The suites, it turns out, were fully sold out in a single day.

“And they had another 100 people on the waiting list, so I had to eat a lot of crow on that one,” Healey laughed.

When it comes to putting a name on the stadium, though, the board put financial goals aside. Despite the fact that selling the rights to a private company could have netted the USTA $200 million, it was decided to name it after Ashe, who won 76 career titles and was a civil rights pioneer until he died in 1993.

Healey said, “We should have made a bundle. But we said no; let’s give it a name. We did not receive any funds, and I’m proud of it today.”

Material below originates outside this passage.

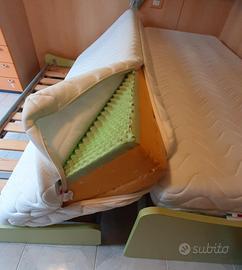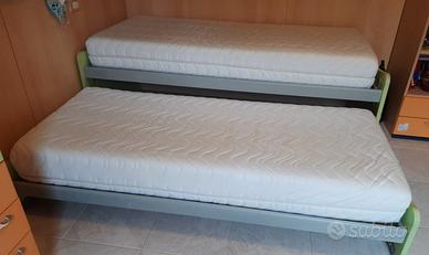 N.2 materassi in lattice anallergico 190x80, 20cm di altezza + relativa struttura a scomparsa con doghe in legno incorporate. Altezza massima della struttura 62cm. Larghezza 90cm. Lunghezza 205cm

Healey’s active participation with the USTA also addressed the issue of male and female prize money inequality. The U.S. Open was the first Grand Slam tournament to eliminate the pay inequality, more than a decade before the other Grand Slam tournaments did so.

Healey is credited with helping to create tennis leagues in The Villages, which enable amateur players to compete on teams with players of similar skill.

He said, “They have them all over the world now. Wow, that was a big success.”

Not that everything went according to plan. Venus and Serena Williams’ father once sued Healey for their dismissal from the US Junior Wightman Cup squad.

The Williams sisters never participated in USTA junior events, so they did not win any qualifying points.

Healey said, “Our legal team said it would go away, and it did. However, it was a fascinating addition.”

Healey accomplished much of this when driving around the country assisting top companies in finding their next chief executives. He reports that he has led 100 searches over the years, not including smaller positions such as assisting in the hunt for new commissioners for the NFL and Major League Baseball.

“I wasn’t the main guy,” he said, “but because of my long (sports) career, they always welcomed me to be on the squad.”

When his first wife, Sally, died of a heart attack in 1992, Healey was on the verge of becoming USTA president. With two daughters at home, he resigned from the association and focused his tennis efforts on the local level.

Healey became active with the Minnesota Baseline Club and rose through the ranks to become president of the alumni association, which was raising funds for an indoor tennis complex at his alma mater.

Healey was the school’s first student to earn a full scholarship outside of football, basketball or hockey when he played for the Gophers, bypassing proclamations from Miami and California. The Baseline Club now offers four and a half dozen tennis scholarships.

And what about those courts, where Healey began playing after being told he couldn’t play baseball? His name is now on the tennis courts at the Rochester Tennis Club.

“I go back to the beginning, which was living in Minnesota and meeting the right people,” Healey said. “Who knows what would happen if tennis weren’t present? I was very lucky.”